When James said he returned to Kathmandu (pictured: Library image) on 17 November, he learned medical teams had said Mr Marshall could not make the commercial flight home even with the accompaniment of a paramedic
‘It seemed strange that a man had been in hospital for so long and as soon as he needs extra help there is an issue.
‘I’m aware commercial air ambulances are very expensive and agents in this space have to mitigate costs.
‘On 2 December, we were told they weren’t going to cover him for any of the costs and we would have to find the funds to repatriate him.’
He said a day later, after he said he ‘applied pressure’ through his contacts, the policy was reinstated the next day.
Ross, who runs travel companies, said he went to New Delhi with his mother and arranged for Capital Air Ambulance to take him to India.
He said: ‘When Dad arrived I believed he had a haemothorax on the way over, they had to get his lung to re-expand again. It was very much a case of stabilising him.
‘[In India it was a] total disaster. The doctor was very honest when we first moved to New Delhi.
‘Given the time he spent in Kathmandu, it was high-risk. [Acute respiratory distress syndrome] kills 40 percent of people and we needed to be prepared for the worst.
‘It was a salvage operation.’
He said that while there was an attempt to take him to Dubai, a doctor had to manually inflate his father’s lung.

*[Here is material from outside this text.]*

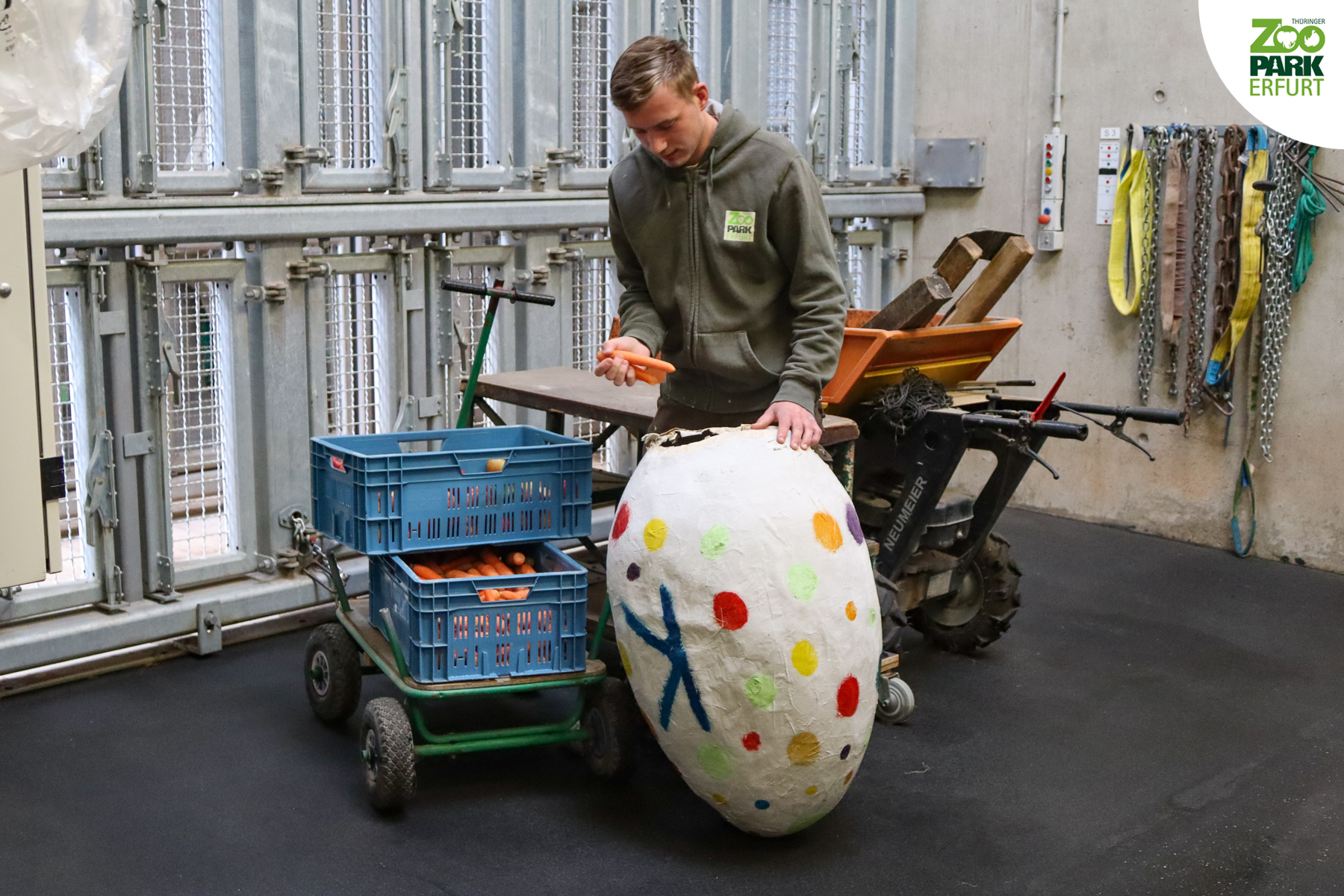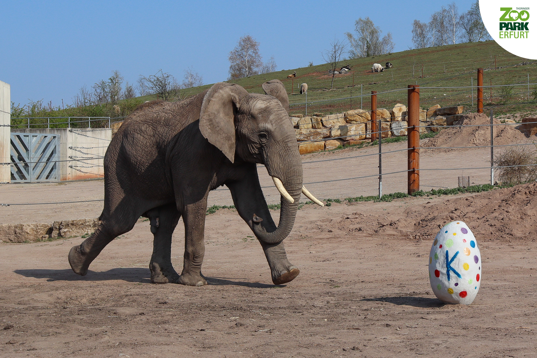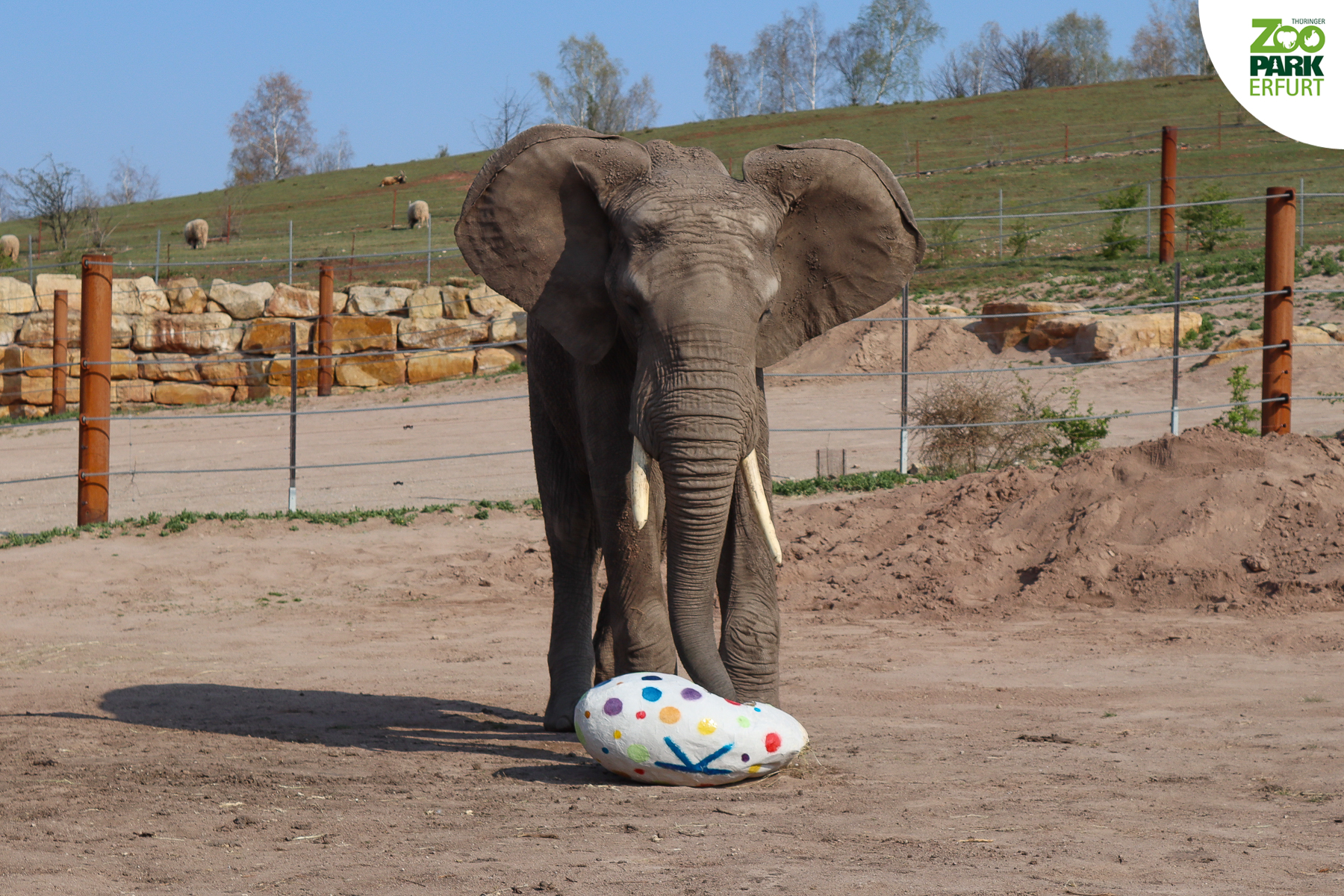 Aus Wasser, Mehl, Papier und viel Liebe zum Detail hat Titus den werdenden Elefanten-Papa ein riesiges Überraschungsei gebastelt. Gefüllt wurde das Ei mit allerhand Leckereien wie Äpfeln, Karotten und frischem Heu. Kibo hat es sichtlich geschmeckt! Das Team vom Thüringer Zoopark Erfurt wünscht Euch fröhliche Ostern und viel Gesundheit!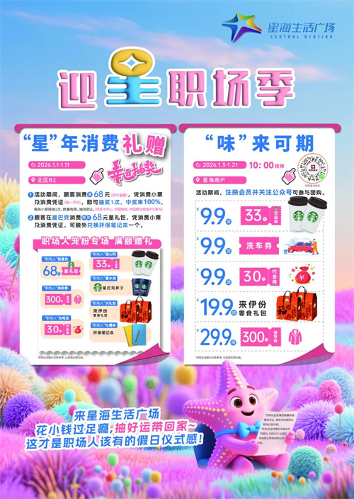 用好生活与工作的换乘站资源,在节日期间以“迎星职场季”为主题策划专属“打工人”的假期活动,节日期间不仅线下有星年消费礼赠幸运抽奖,线上更有超值9块9咖啡续命抢购、29块9服饰焕新礼券、66团100聚餐消费券等超值优惠。

But when it became clear Mr Marshall could not fly, he was returned to a hospital in India where he went to cardiac arrest and died on 17 December 2017.
In a statement from the family, they said: ‘Sheldon, who always had an adventurous streak, suffered unusual respiratory complications that he sadly did not recover from whilst fulfilling a lifelong ambition of climbing Mount Everest in Nepal.
‘Sheldon is survived by wife Anne and sons Ross, Alex and James. He will be missed greatly by all who knew him but will never be forgotten.’
Mr Marshall’s career spanned over 40 years where he was a well-known figure in the photographic industry, including when he became the CEO of Visual Communications Group.
Under his leadership, the company grew to be the second-largest provider of global stock images and was initially sold to United News and Media plc and then on to Getty Images for £160million.
The inquest into his death continues.